» …Rendez à Dieu ce qui est à Dieu ! « 

« Rendez à César ce qui est à César, et à Dieu ce qui est à Dieu ». Le mot est célèbre, il est passé dans le langage courant. Il a permis de distinguer ce qui relève du politique et ce qui relève de la religion. Mais il y a d’abord une autre leçon dans cette scène de l’Évangile. Soyons attentifs !

« Les pharisiens se concertèrent pour voir comment prendre en défaut Jésus en le faisant parler ». Ils s’acoquinent alors avec des partisans d’Hérode pour tendre un piège au Seigneur. Si Jésus répond « oui », les pharisiens l’accuseront d’encourager la collaboration avec les Romains. S’il répond « non », ce sont les partisans d’Hérode qui vont le dénoncer comme rebelle incitant à la révolte contre les Romains.

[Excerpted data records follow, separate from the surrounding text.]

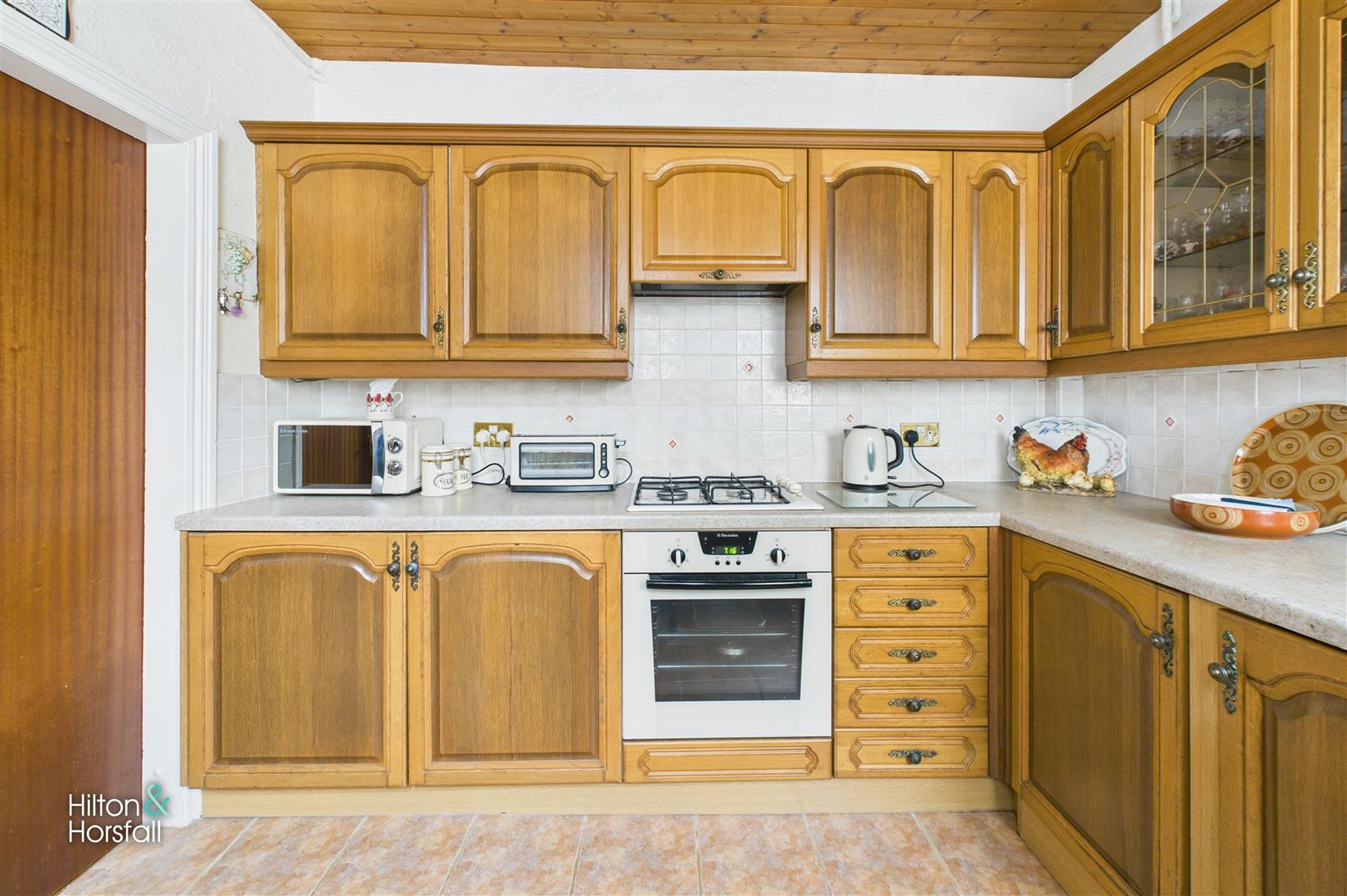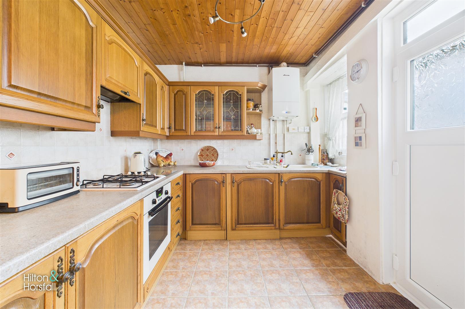 A fitted kitchen positioned to the rear of the property, comprising a range of wall and base units with complementary work surfaces and tiled splashbacks. The kitchen incorporates an integrated oven, gas hob with extractor over, and space for additional appliances. A door provides direct access to the rear yard, making this a practical and functional space for everyday use.
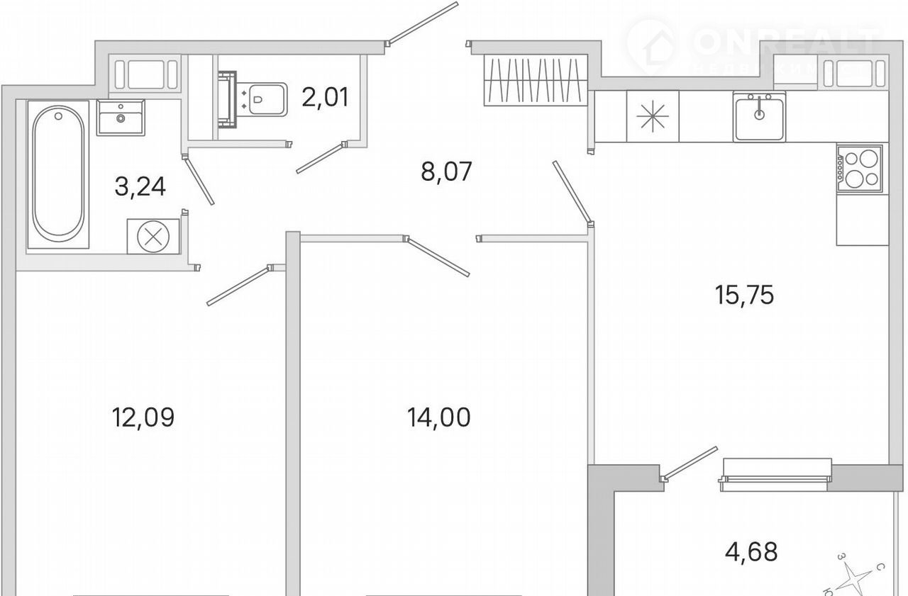 Общая площадь 57.5 м2
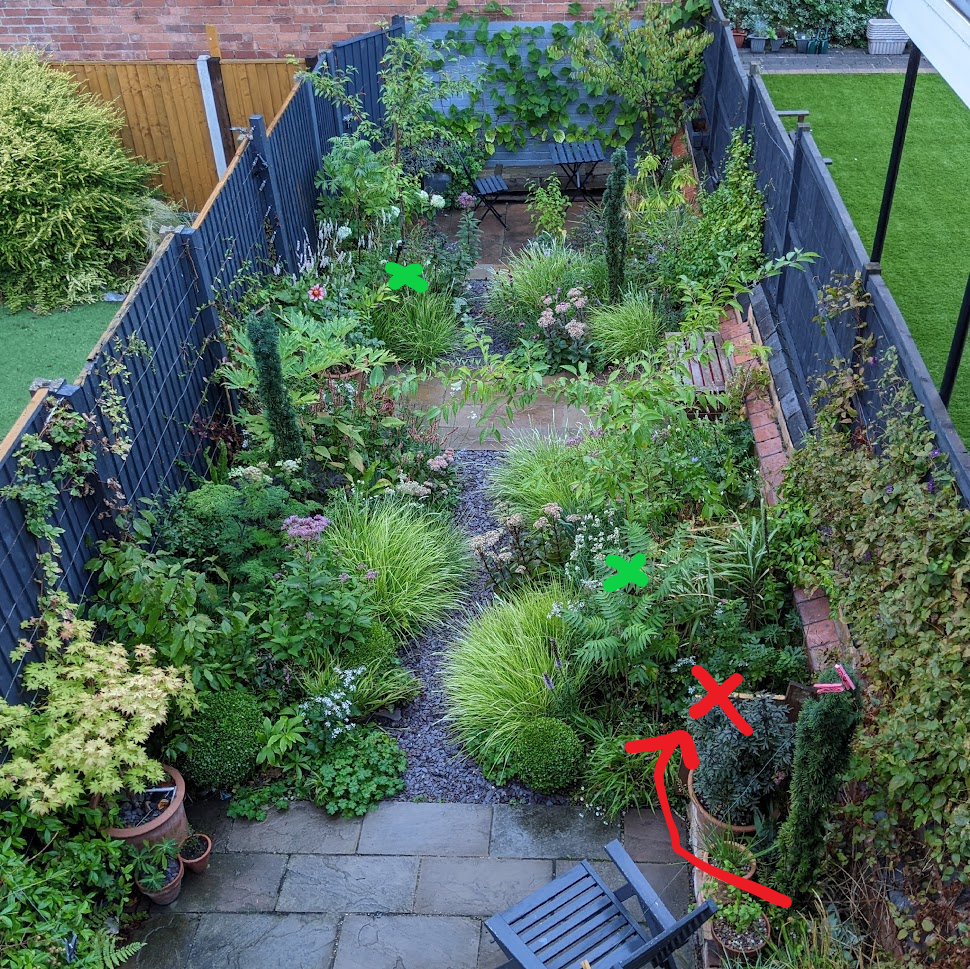 Thanks @K@KeenOnGreen! I could move the third one from it's current position (which it isn't enjoying anyway, too dry) to the red cross. But I am pretty sure I tried that when I set them out a couple of years ago and decided they were too close or something.. and now it might be too close to the Prunus (positions marked with a green cross for clarity). I feel like I've created a bit of a spatial puzzle to accommodate them to my total liking.

Alors Jésus démasque le vrai visage des pharisiens : ‘’Hypocrites !’’ leur lance-t-il en pleine figure. En effet, sur la monnaie romaine, le portrait de l’empereur était gravé, ce qui est en contradiction avec la Loi : « Tu ne feras pas d’images taillées ».

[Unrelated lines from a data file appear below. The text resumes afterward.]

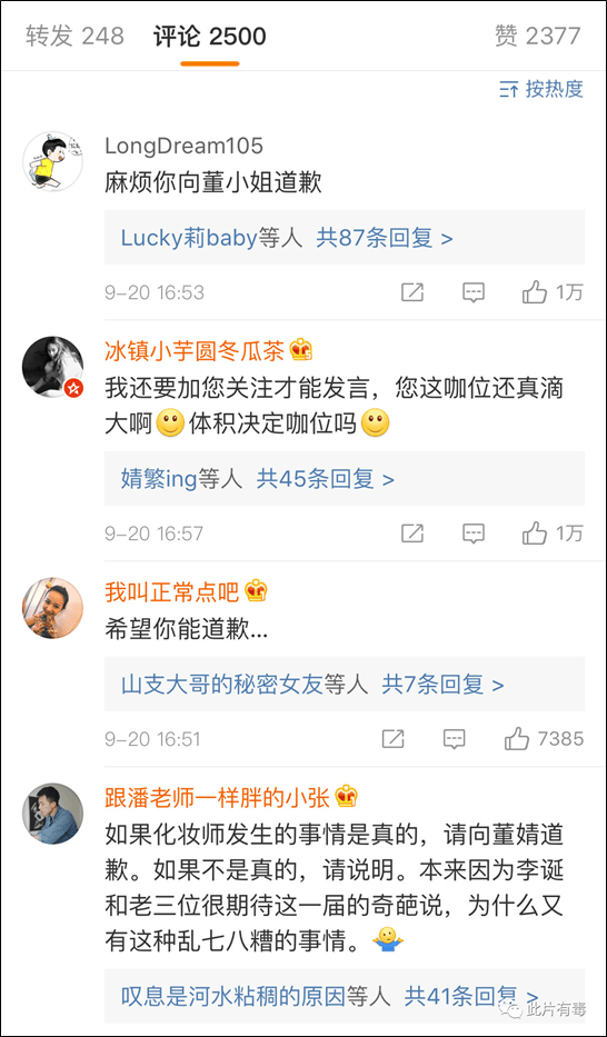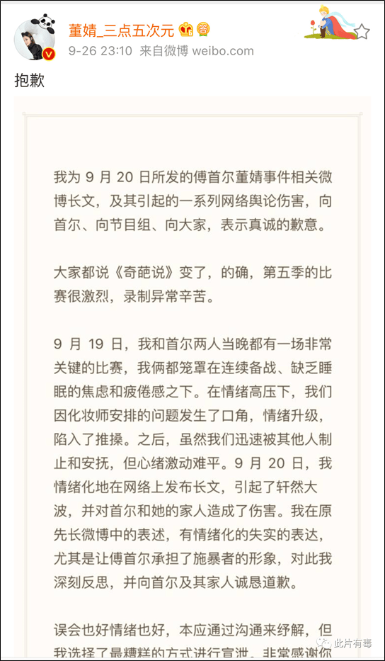 9.26,董婧又在微博發了自己的道歉聲明,稱之前的宣泄行為過激。
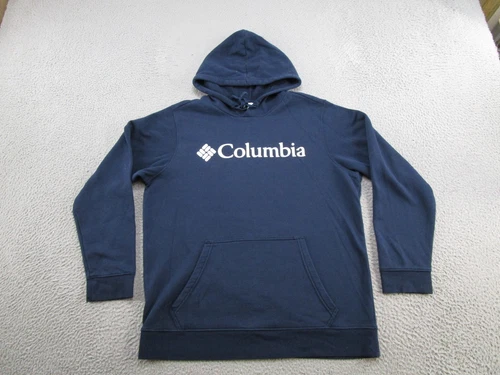 Columbia Spell Out Pullover Hoodie Sweatshirt Mens Size L Navy Blue Outdoors
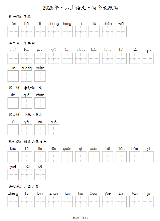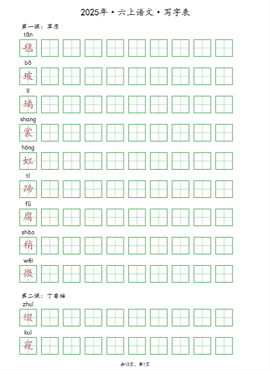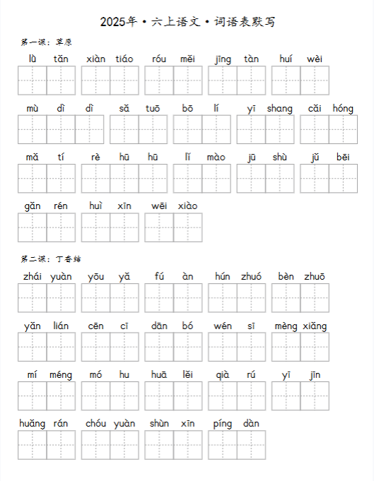 2025秋六上《识字表》《写字表》《词语表》抄写默写

Cette monnaie était « impure », elle ne pouvait pas être utilisée dans le Temple. Et pourtant, les pharisiens l’ont dans leur poche. La preuve, ils la sortent dès que Jésus leur demande : « Montrez-moi la monnaie de l’impôt. » Alors, une fois de plus, Jésus les renvoie à eux-mêmes. Puisqu’ils prétendent être fidèles et chercher le chemin de Dieu, qu’ils donnent à Dieu ce que Dieu attend d’eux : la transparence du cœur. Qu’ils cessent d’avoir un double langage.

Jésus nous invite à notre tour à faire la vérité dans notre vie. Il nous renvoie à nous-mêmes. Venant à l’église, nous voulons peut-être passer pour de « bons chrétiens ». Mais où en sommes-nous dans notre vie de tous les jours : hypocrite ou transparent ?

À la lumière de cet Évangile, et avec l’aide de l’Esprit Saint, prenons donc le temps de la prière et du discernement avant de répondre.